Last week, before heading downstairs to inventory more Carte du Ciel charts, I revisited the Adler's new exhibit on the history and profound impact of telescopes, which was featured in my last post. Not surprisingly, I saw some things I hadn't seen the week before.
One of my discoveries was a quotation attributed to Galileo, which I decided on the spot would become the quote of the Week here, but reading it also reminded me that a number of figures in the extraterrestrial life debate believed the sun was undoubtedly inhabited, too; over a period of several centuries, the plurality of worlds included solar beings.
Detailed closeup of magnetic structures on the Sun's surface (H-alpha wavelength) on August 22, 2003. Credit: Swedish 1-m Solar Telescope (SST) operated by the Royal Swedish Academy of Sciences (Oddbjorn Engvold, Jun Elin Wiik, Luc Rouppe van der Voort).
Today it takes a special kind of imagination to consider life on our sun or any other star. After all, these are off-the-charts dynamic hostile places where nuclear fusion and superheated gas in the form of plasma reign, producing both electromagnetic radiation (visible light and heat are examples) and particle radiation (protons and electrons) with such force and in such quantities at such high temperatures for so long that the human mind can scarecly take it in.
But in the mid-15th Century, some 200 years after Western Christian scholars began studying Ancient Greek texts, a Roman Catholic philosopher, mathematician, and astronomer named Nicholas of Cusa (1401-1464), also known as Cusanus, published a work that discussed solar beings -- and other extraterrestrials -- for the first time in the context of the extraterrestrial life debate. His De docta ignorantia (Of Learned Ignorance) was essentially a theological and philosophical exploration of the limits of human rational thought and science. Today it is widely regarded as a masterpiece of the Middle Ages.
For Nicholas of Cusa, imagination and speculation were essential tools for moving beyond these limits. Only through them could human beings approach a more complete (but always imperfect) understanding of God and the cosmos. When applied to the subject of life beyond Earth this is what he said:
Life, as it exists on earth in the form of men, animals and plants, is to be found, let us suppose, in a higher form in the solar and stellar regions. Rather than think that so many stars and parts of the heavens are unihabited and that this earth of ours alone is peopled -- and that with beings, perhaps of an inferior type -- we will suppose that in every region there are inhabitants, differing in nature by rank and all owing their origin to God, who is the center and circumference of all stellar regions . . . Of the inhabitants then of worlds other than our own we can know still less, having no standards by which to appraise them. It may be conjectured that in the area of the sun there exist solar beings, bright and enlightened denizens, and by nature more spiritual than such as may inhabit the moon . . .

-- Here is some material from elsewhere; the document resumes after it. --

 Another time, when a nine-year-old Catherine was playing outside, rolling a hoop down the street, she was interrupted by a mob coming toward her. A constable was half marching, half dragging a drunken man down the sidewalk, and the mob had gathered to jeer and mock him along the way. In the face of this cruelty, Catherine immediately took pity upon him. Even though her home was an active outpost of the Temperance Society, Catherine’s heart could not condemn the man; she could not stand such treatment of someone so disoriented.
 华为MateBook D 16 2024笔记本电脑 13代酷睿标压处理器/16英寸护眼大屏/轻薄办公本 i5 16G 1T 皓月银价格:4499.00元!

Image of an erupting solar filament above Active Region 9077 on July 19, 2000. Filaments are concentrated bundles of magnetic field filled with relatively cool gas, suspended in the solar corona. Credit: Dick Shine, NASA/TRACE
More spiritual or not, these possibly "bright and enlightened denizens" were part of a visible universe populated with creatures created by God.

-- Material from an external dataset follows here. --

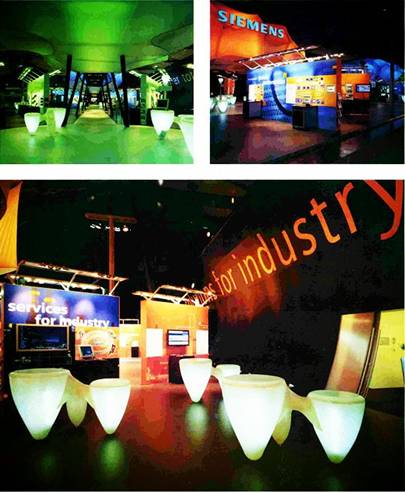 2、形象統(tǒng)一化風(fēng)格。即以參展商CIS戰(zhàn)略形象為統(tǒng)一標(biāo)志,運用于其參加的所有的國際性、區(qū)域性展覽活動的展示設(shè)計中。一些大型品牌企業(yè)都有自身企業(yè)形象的標(biāo)準(zhǔn)化圖形、字體、色彩等要素及其特殊結(jié)構(gòu)的道具等,他們在參加國內(nèi)外的系列展覽活動時,都規(guī)定展示設(shè)計者在其企業(yè)文化形象框架內(nèi)設(shè)計展臺,以突顯該企業(yè)的獨特個性形象。這種統(tǒng)一形象風(fēng)格的展示設(shè)計,能強化觀眾對該企業(yè)文化形象的視覺記憶。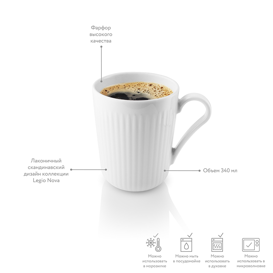 Объем посуды составляет 340 мл, благодаря чему она прекрасно подойдет для согревающего чая, теплого пунша, глинтвейна или ароматных кофейных напитков. Чашки выполнены из высококачественного фарфора. Благодаря плавной обтекаемой форме и изогнутой ручке чашки удобно держать в руке.

Casanus knew this idea would be sensitive to Church leaders because of the difficulties other inhabited worlds presented for Christian beliefs about divine incarnation and redemption. But by presenting them within the context of a philosophy that included speculation and clear qualifications -- not to mention employing his own considerable political skills -- he managed to avoid serious trouble for himself.
In fact, apparently there was no trouble at all. Within a decade of publishing De docta ignorantia Casanus was installed as a cardinal of the church. Others interested in the subject of life beyond Earth at this time would not be so fortunate (see Next stop, below).
Interestingly, the existence of life on the sun was an idea that persisted even into the early 20th Century. Fewer and fewer persons trained in astronomy made the suggestion as time passed, but as Michael Crowe writes in The Extraterrestrial Life Debate, 1750-1900, no less than the eminent British astronomer John Herschel (1792-1871) thought the sun might be the home of "organisms of some peculiar and amazing kind." This was in 1861.
BTW, if you're fascinated by the images above as much as I am, there are 19 more to be found here. And more here.
It's remarkable how a few minutes of wandering can lead to so many places.